小学校の校歌

雨が降ったり、北風の吹く寒い日が続いていたが、今日は風もなく晴天に恵まれた。洗濯物をどっさりして、布団を干してと、天気が良い日は主婦は忙しい。

夫は今日も早朝から、山へ芝刈りに否ゴルフに行っている。

こんな日は本当は大掃除をするはずなのだが、どうも気分が乗らない。気分が乗らないときは無理をしないことにして、鬼のいぬまのなんとやら・・・で、のんびり好きなことをしようと決めた。

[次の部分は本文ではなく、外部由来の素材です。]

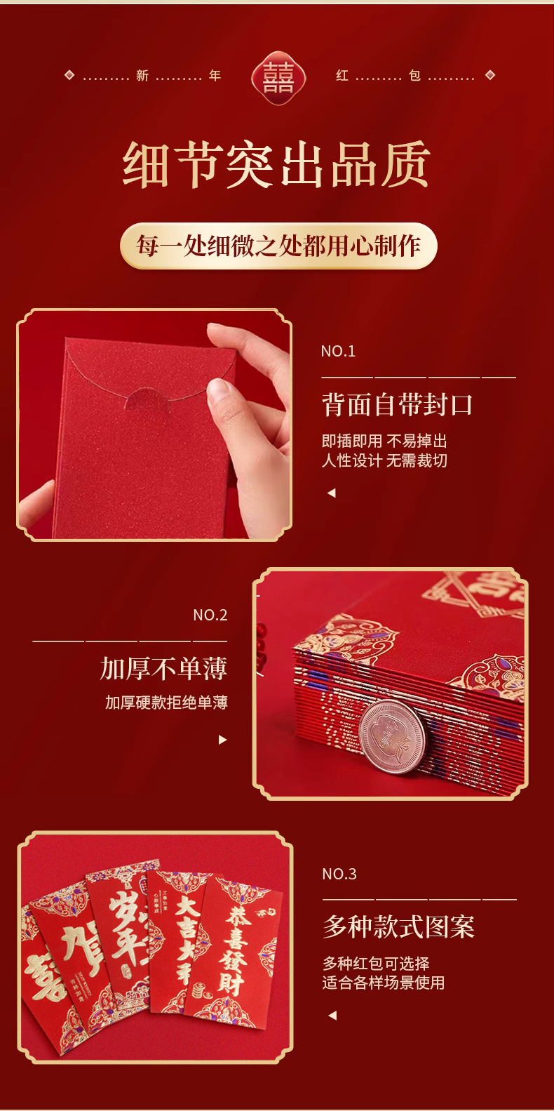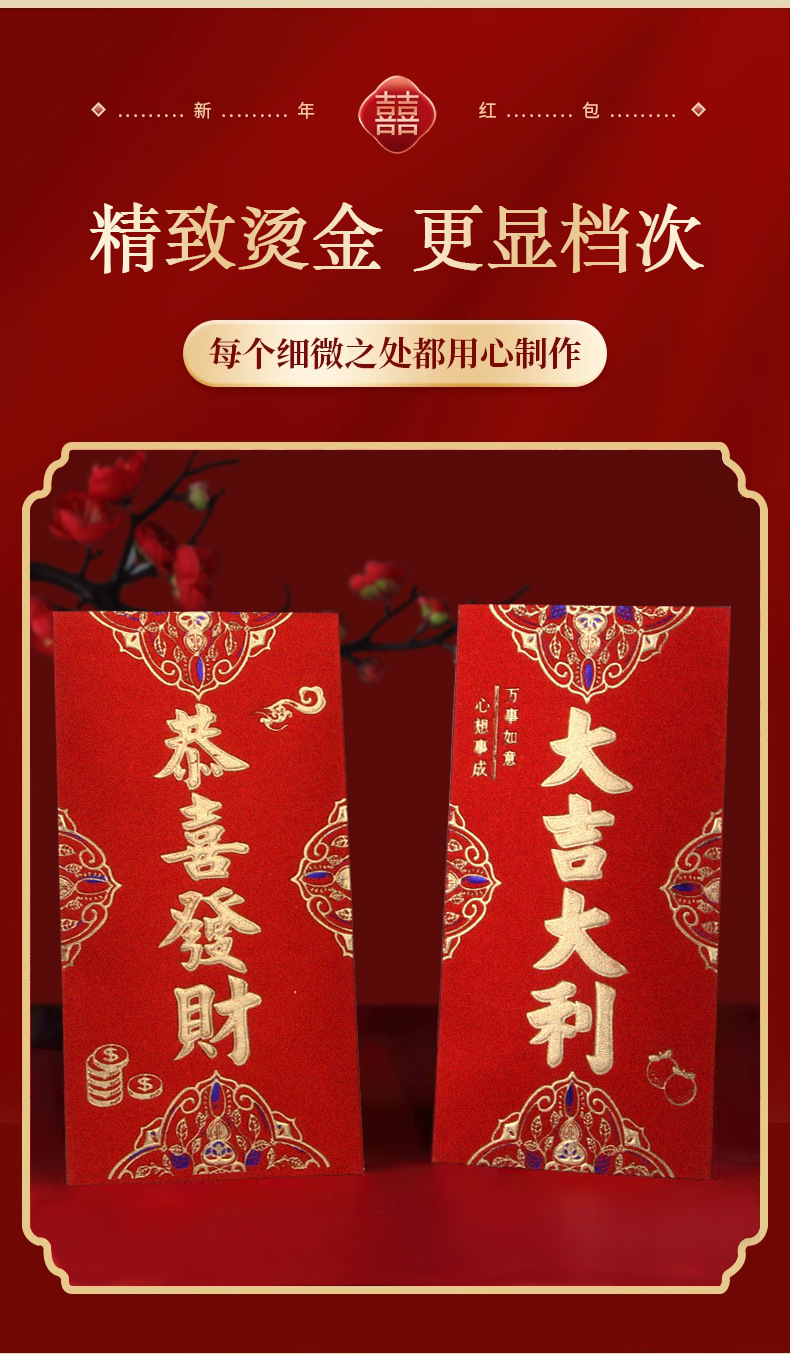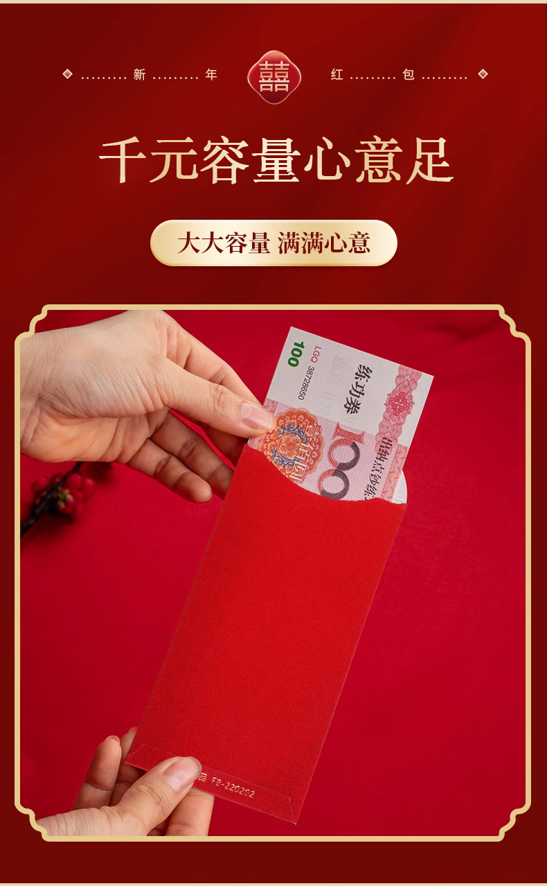 Creativo cartón duro estampado de oro 1000 yuanes sobre rojo grande grande es un sello de boda del Festival de Primavera especial bolsa de Año Nuevo al por mayor

あれから、少しずつフルートを続けている。「メリーさんの羊」をマスターし、「アメージンググレイス」「少年時代」「スマイル」「遠き山に日は落ちて」などが吹けるようになった。上手いか下手かは別として、とりあえず吹ける。

小学生のころ、リコーダーを吹くのが好きだった。今日は小学校の校歌をウン十年ぶりにフルートで吹いてみた。驚くことにメロディーがすらすらと出てくる。昨日のことはいとも簡単に忘れてしまうが、昔のことは鮮明に思い出すことができる。これも老化現象かなぁ。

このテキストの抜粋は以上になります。